Laser Heating Nanoelectrospray Emitters for Fast Protein Melting Measurements with Mass Spectrometry.

Abstract

Temperature-controlled nanoelectrospray ionization has been used to measure heat-induced conformational changes of biomolecules by mass spectrometry, but long thermal equilibration times associated with heating or cooling an entire emitter limit how fast these data can be acquired. Here, the tip of a borosilicate electrospray emitter is heated using 10.6 μm light from an unfocused CO2 laser. At 1.2 W, the solution inside the emitter tip can be heated from room temperature to a steady-state temperature of 78.2 ± 2.5 °C in less than 0.5 s and cools from 82.6 ± 0.6 °C back to room temperature within 4 s. The time required to establish a steady-state temperature is more than 100-fold faster than that required for a resistively heated emitter due to the low thermal mass. Protein unfolding curves measured as a function of laser power can be acquired in ∼40 s compared to a resistively heated apparatus that required ∼21 min to acquire similar data. Laser power is calibrated to temperature by comparisons of the average charge state of the protein cytochrome c measured with laser heating and with resistive heating.

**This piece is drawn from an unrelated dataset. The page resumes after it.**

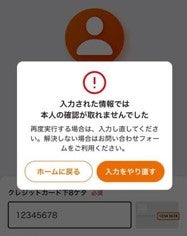 例:「カード番号が変更になった」、「名字だけ登録されている」、「ご家族の名で登録されている」、「濁点の有り無し」、「カナの登録違い(ンとシ)、(チとケ)、(エとユ)、(アとマ)、(ノとン)」等

This laser heating method is applied to a three-component protein mixture to demonstrate the ability to rapidly acquire melting temperatures of proteins in mixtures. The ability to rapidly assess the thermal stabilities of multiple proteins simultaneously shows significant promise for coupling temperature-controlled electrospray ionization (ESI) to separation techniques, providing a high-throughput method for determining the effects of solution composition, drug binding, or sequence mutations on protein thermal stability.